- AVAILABLE DATA
--------------------

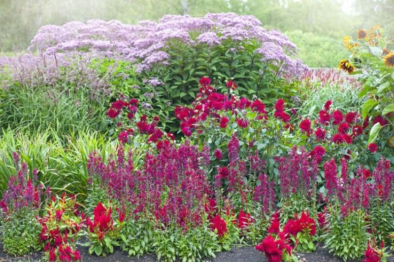 Joe Pye weed is a late-blooming wildflower with tiny mauve or pink-purple flowers blooming in large clusters atop tall, thick stems. Joe Pye weed grows naturally in sites that have somewhat moist soil, such as near streams or in drainage ditches. requires full sun or partial shade, well-drained soil, and can grow in cold or warm conditions until frost hits.
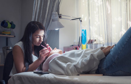 Beautician providing eyelash extension service to a young woman client lying down during beauty treatment in a modern salon
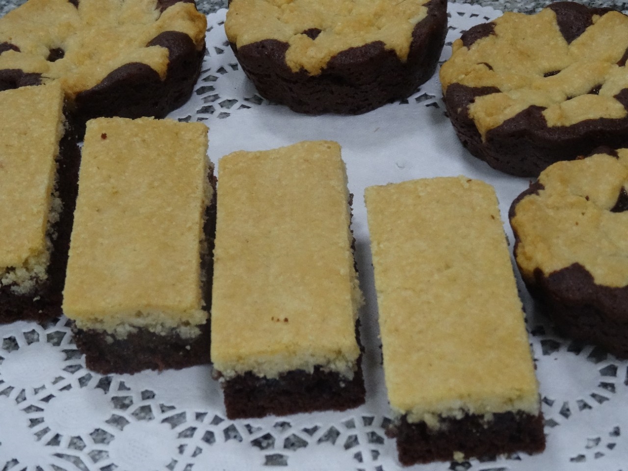 Массу Брауни выложить в рамку для выпечки, сверху выложить предварительна раскатанное тесто криспи. Выпекать 30-40 минут при температуре 160-170 градусов. Охладить. Порезать на порции.

--------------------

- INSTRUCTIONS FOR THE TASK
Beginning with the line where "Beautician providing eyelash" appears, restate word for word every line down to the last one in the data, but keep the pictures out.

- ANSWER BOX
 Beautician providing eyelash extension service to a young woman client lying down during beauty treatment in a modern salon
 Массу Брауни выложить в рамку для выпечки, сверху выложить предварительна раскатанное тесто криспи. Выпекать 30-40 минут при температуре 160-170 градусов. Охладить. Порезать на порции.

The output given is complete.